As government records are only a fraction of the content that exists online, we also need to concern ourselves with the numerous companies, non-profit organizations, and individuals that also contribute to the Internet landscape but don’t necessarily take responsibility for preservation. The vast majority of contributors to the digital record are unaware of their roles as historical actors and many simply don’t have the forethought, expertise, or capacity to preserve their online presence. One needs only to look to the substantial loss of content recently reported by MySpace, once the most popular site on the web, to see that this can have dire consequences for the historical record.
This reality certainly contradicts the 21st-century adage that once you post something on the Internet it will be there forever. As a web archivist fighting this uphill battle, I’m in a race against time to preserve online content as the web becomes ever more privatized, complex, and ephemeral. I have often had the experience of selecting a website for preservation only to find that it has disappeared or radically changed before I can capture it.
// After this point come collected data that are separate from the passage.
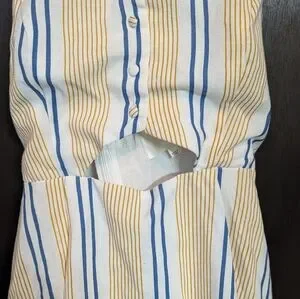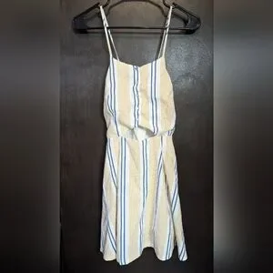 Chic sleeveless cutout dress with blue and cream stripes. Perfect for casual outings. In very good pre-owned condition.
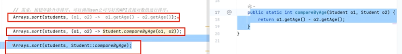 使用场景:如果某个Lambda表达式里只是调用一个静态方法,并且“->”前后参数的形式一致,就可以使用静态方法引用。
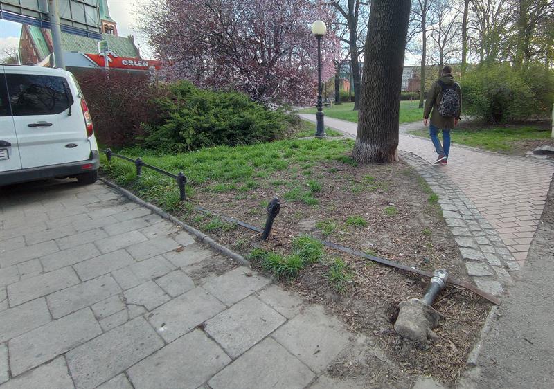 Szeroki chodnik przy ul. Kopernika - tuż przy skwerze Ackermanna - zwykle zawłaszczają parkujące samochody. Niszcząc nie tylko jego nawierzchnię, ale również uszkadzając stylizowane żeliwne ogrodzenie trawnika. Jeden z jego odcinków (na zdjęciu) właśnie "poległ" pod naporem kół pewnego SUVa. Oby miejskie służby zdążyły z naprawą ogrodzenia przed złomiarzami. Bo bez niego... Zniknie ostatni bastion broniący zieleń Ackermanna przed autami.
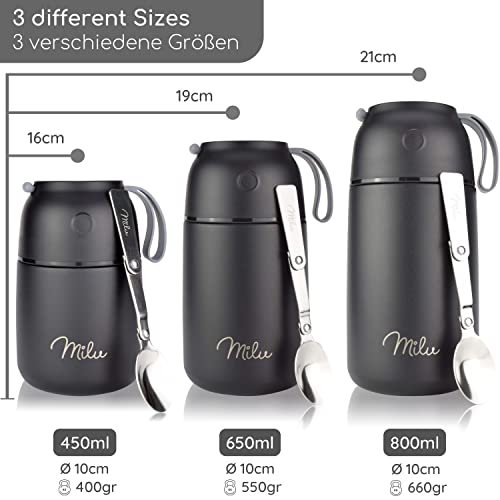 Milu Thermos per Alimenti con incisione I 450ml / 650ml / 800ml I Contenitore Termico di Acciaio Inossidabile, Isotermico Sottovuoto per Cibi Caldi e Freddi (Nero, 450ml)
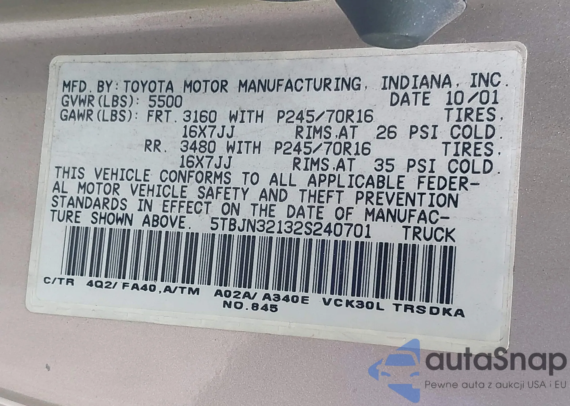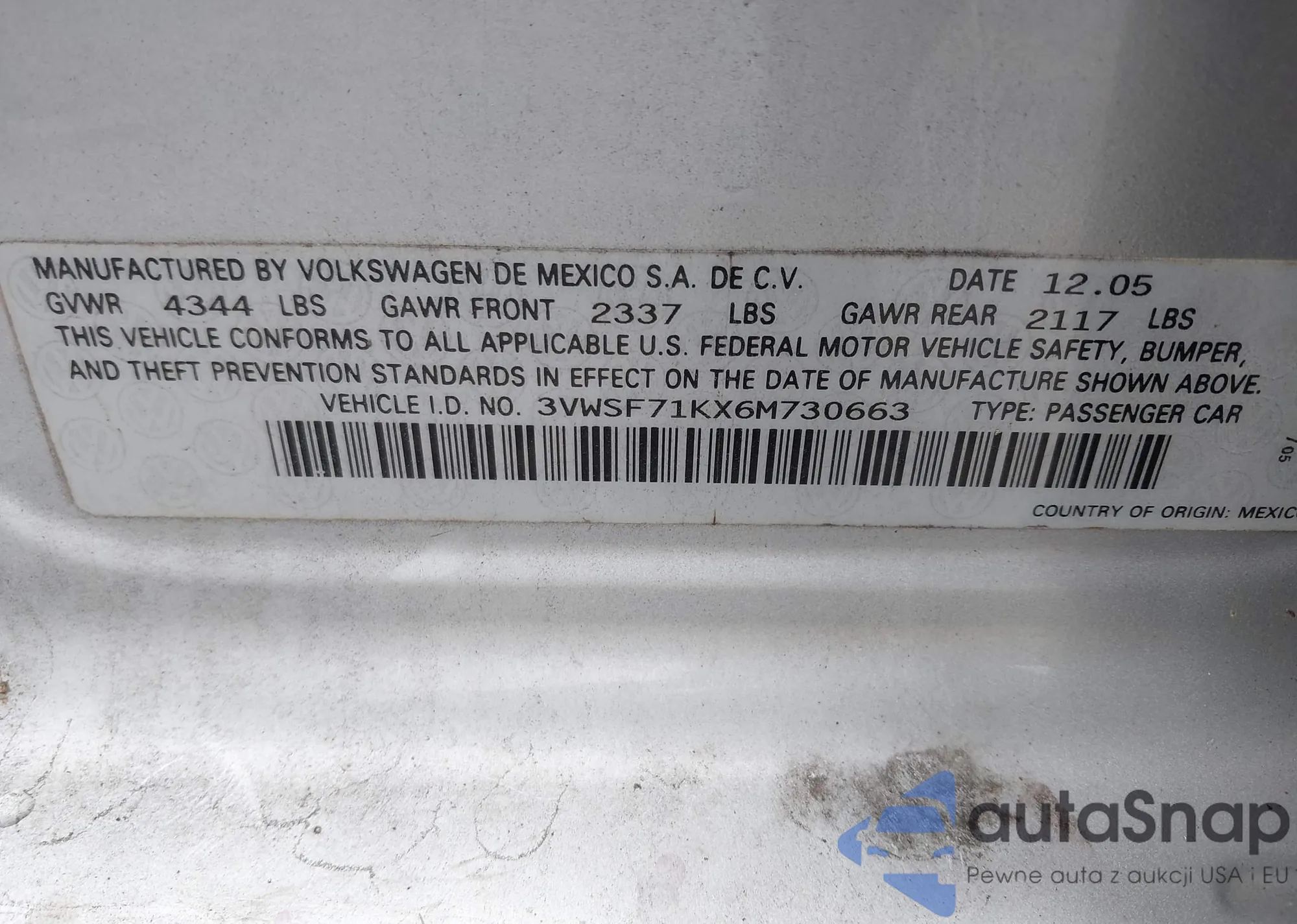 • VIN 4S3BMBK62A3244226

This “moving target” issue is compounded by the widespread use of interactive website components and third-party hosts, like social media platforms and website building templates that do not easily lend themselves to capture. The rise of temporary media like Snapchat stories adds to the challenge.
Since we simply can’t rely on content creators to preserve the digital record, the burden of preserving the web largely falls to the stewards of our collective knowledge – libraries, archives, and museums. The Internet Archive, a non-profit organization that hosts billions of archived web pages, is leading the charge. The group began an ambitious web archiving program in 1996, and the tools it has developed for capturing content and replaying archived pages have been widely adopted. However it would be folly to assume that the Internet Archive is capable of preserving the Internet alone.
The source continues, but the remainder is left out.